**Work instructions**
Below, find the line containing "在课堂上,不要过度R4(C)" and the line containing "期間中、本品に対しお申込み&"; reproduce exactly those two and every line between them, omitting pictures.

=== Begin Enclosure ===

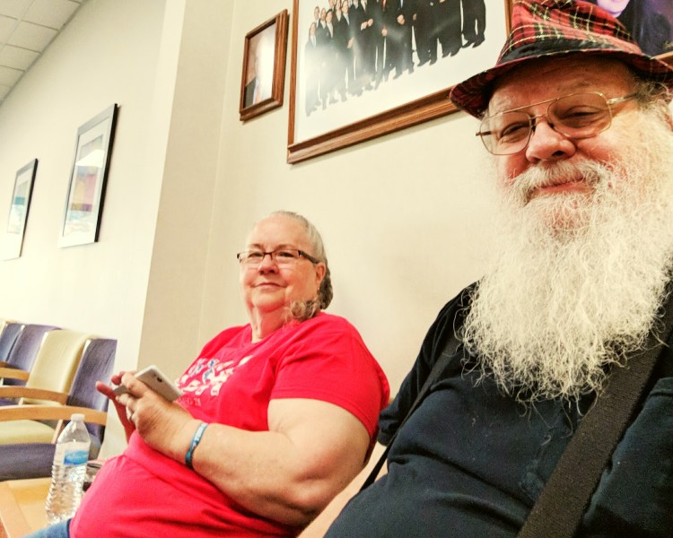 Ella had an eye appointment for 8am at Wolfe Eye Clinic®. We arrived about a half hour early. We went in the exit door and found a place to sit and wait. Right at 8 they called her to the reception desk to get her insurance information et cetera.
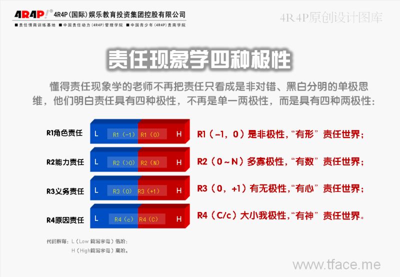 在课堂上,不要过度R4(C)与R1(-1)责阶跨度大的对比,因为这种对比的结果,最后的效果只能是传统的责任说教模式!责距越小越真实,责距越小越细微,常人喜欢的就是责距小的启发。责距越小越能体现一个人的责任逻辑思维智慧!
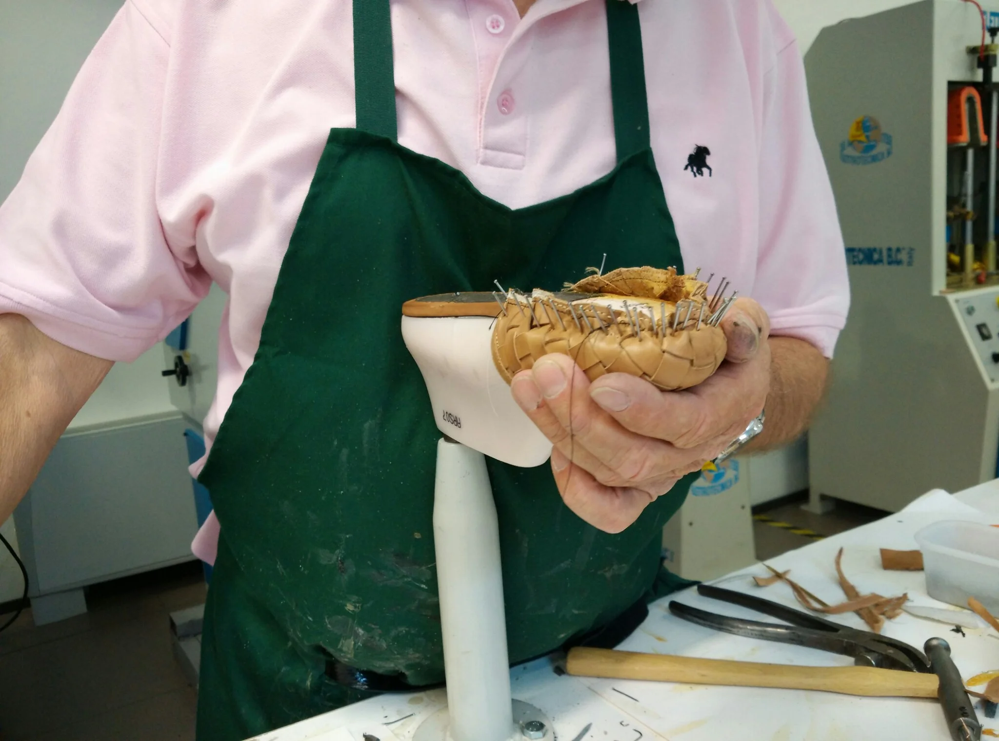 Handlasting requires a lot of strength to pull on the upper and nail it in, so that the upper can take shape.
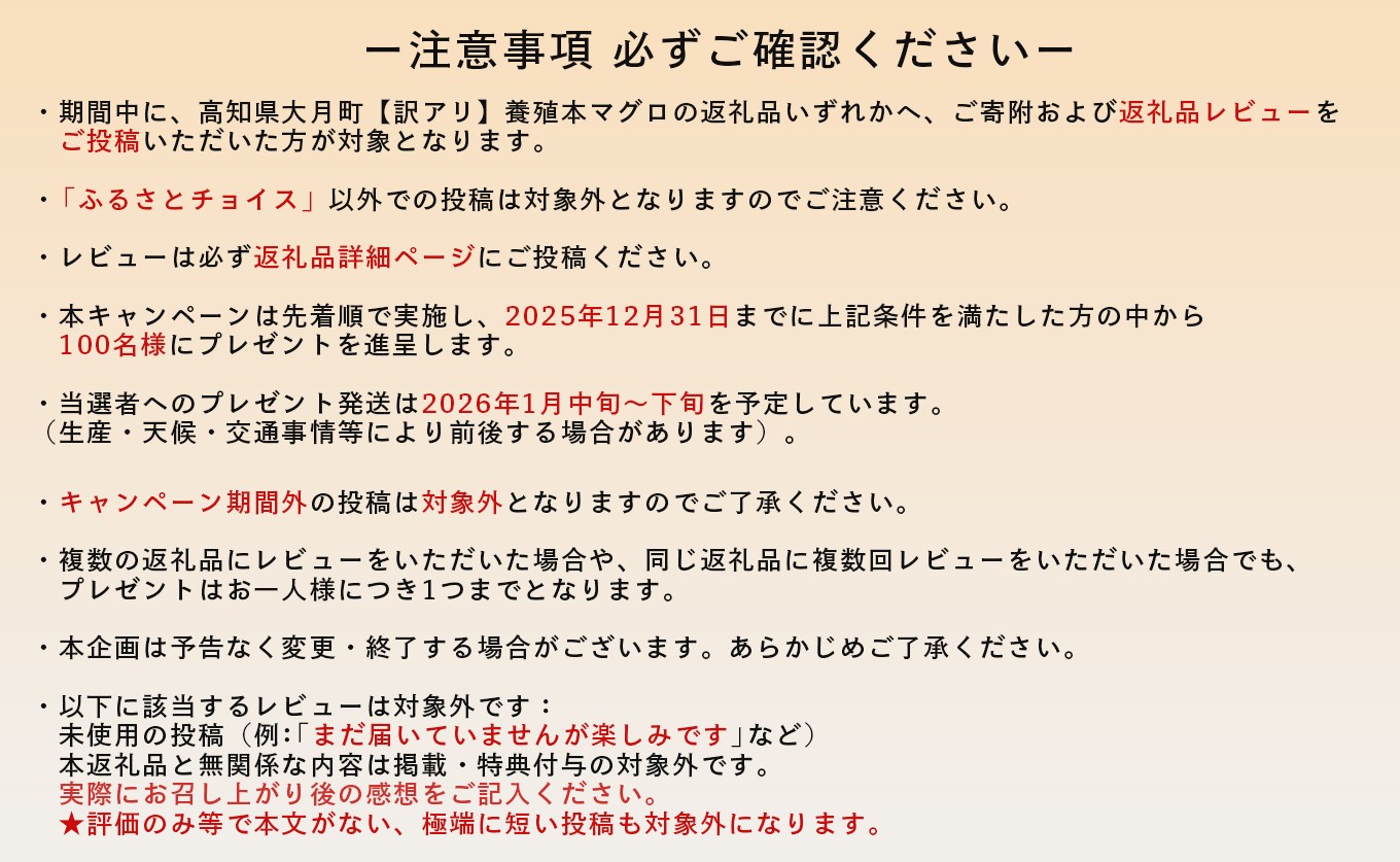 期間中、本品に対しお申込み&返礼品到着後レビューを投稿いただいたお客様の中から先着で100名様に「本マグロ赤身1柵」をプレゼント!
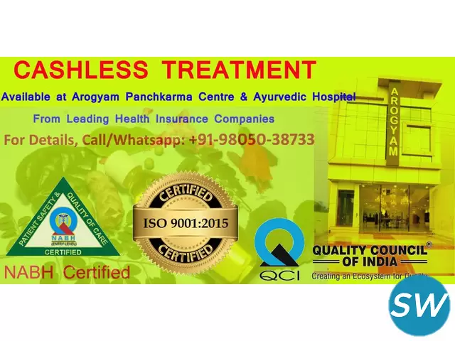 Arogyam Panchkarma Centre & Ayurvedic Hospital is one of the few Ayurvedic Hospitals in India that has been approved for cashless treatment by a few insurance companies and third-party administrators. Arogyam Panchkarma Centre & Ayurvedic Hospital is also registered with the Insurance Regulatory and Development Authority (IRDA) under the Registry of Hospitals in Network of Insurance (ROHINI). Arogyam Panchkarma Centre & Ayurvedic Hospital is also in the process of being certified as an ayurvedic institution with high standards for providing treatments and amenities to patients by the National Accreditation Board for Hospitals (NABH).
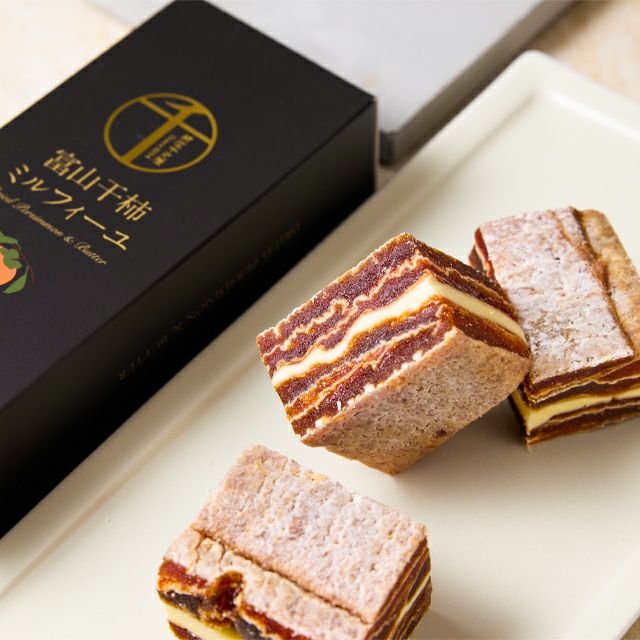 富山干柿と国産加塩バターをひとつひとつ丁寧に重ねました。
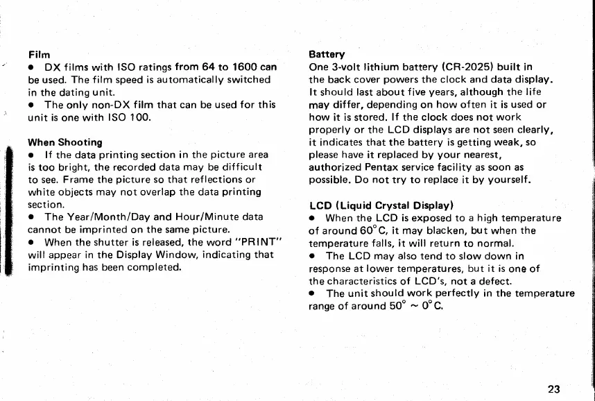 Pentax PC-555 - Film Compatibility for Date Imprinting; Shooting Tips for Data Imprinting; Battery for Clock and Data Display; LCD Performance and Temperature Effects
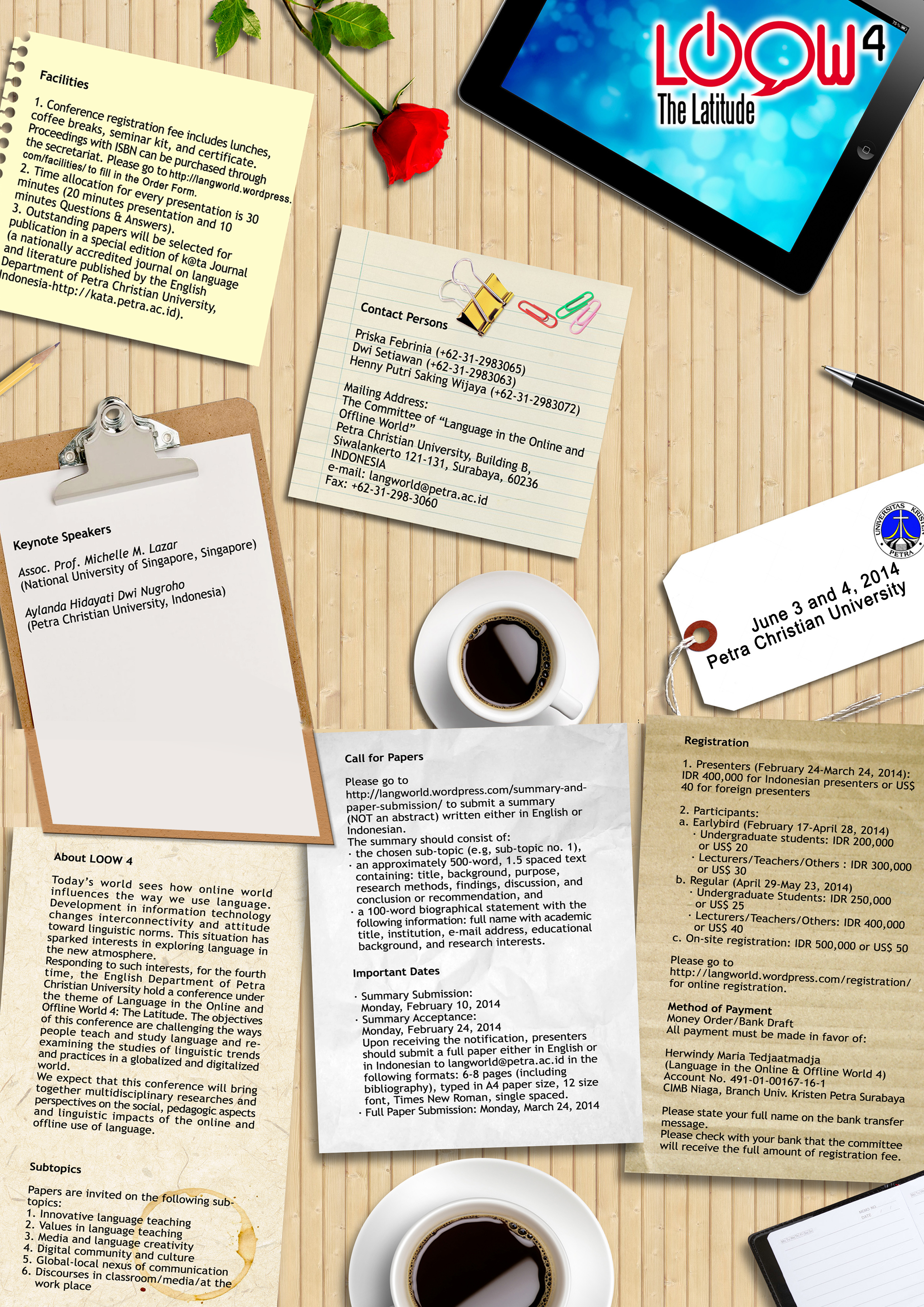 LOOW (Language in the Online and Offline World 4), adalah kegiatan yang diadakan oleh Program Studi Sastra Inggris, untuk ke-4 kalinya kegiatan ini diadakan. Dengan tema The Latitude, kegiatan ini akan diselenggarakan dengan membahas beberapa topic seperti kreativitas dalam media dan bahasa, pengajaran bahasa yang invotif, dan lain-lain. Kegiatan LOOW dilaksanakan pada tanggal 3-4 Juni 2014 bertempat di Universitas Kristen Petra dengan pembicara Assoc. Prof. Michelle M. Lazar dan Aylanda Hidayati Dwi Nugroho. Untuk informasi lebih lanjut dapat menghubungi Priska Febrian (+62-31-2983065), Dwi Setiawan (+62-31-2983063) atau Henny Putri Saking WIjaya (+62-31-2983072) atau dapat menghubungi lewat email di langworld@petra.ac.id.
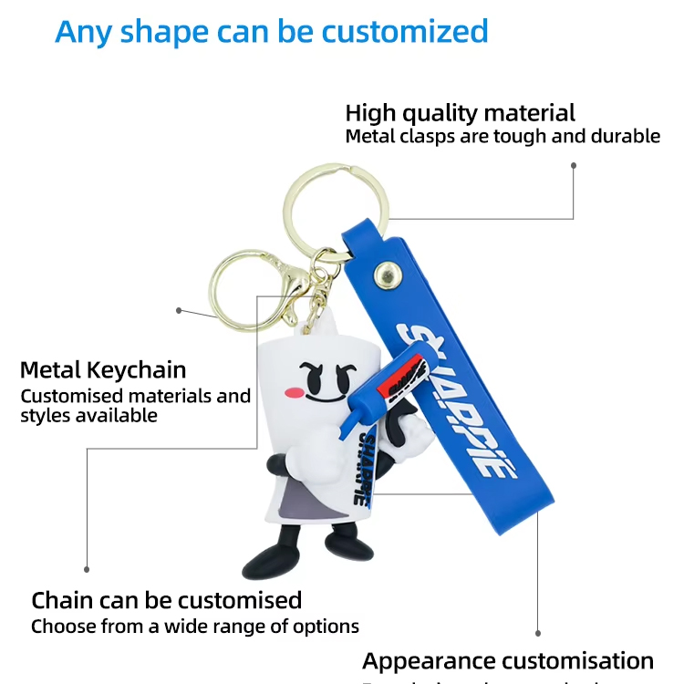 Вдъхнете живот на вашата марка или идея с напълно персонализирани 2D или 3D дизайни. Независимо дали става въпрос за лого, талисман или слоган, нашите меки PVC ключодържатели са пригодени да отговарят на вашата визия с жив цвят и висока детайлност.

=== End Enclosure ===

**Response**
 在课堂上,不要过度R4(C)与R1(-1)责阶跨度大的对比,因为这种对比的结果,最后的效果只能是传统的责任说教模式!责距越小越真实,责距越小越细微,常人喜欢的就是责距小的启发。责距越小越能体现一个人的责任逻辑思维智慧!
 Handlasting requires a lot of strength to pull on the upper and nail it in, so that the upper can take shape.
 期間中、本品に対しお申込み&返礼品到着後レビューを投稿いただいたお客様の中から先着で100名様に「本マグロ赤身1柵」をプレゼント!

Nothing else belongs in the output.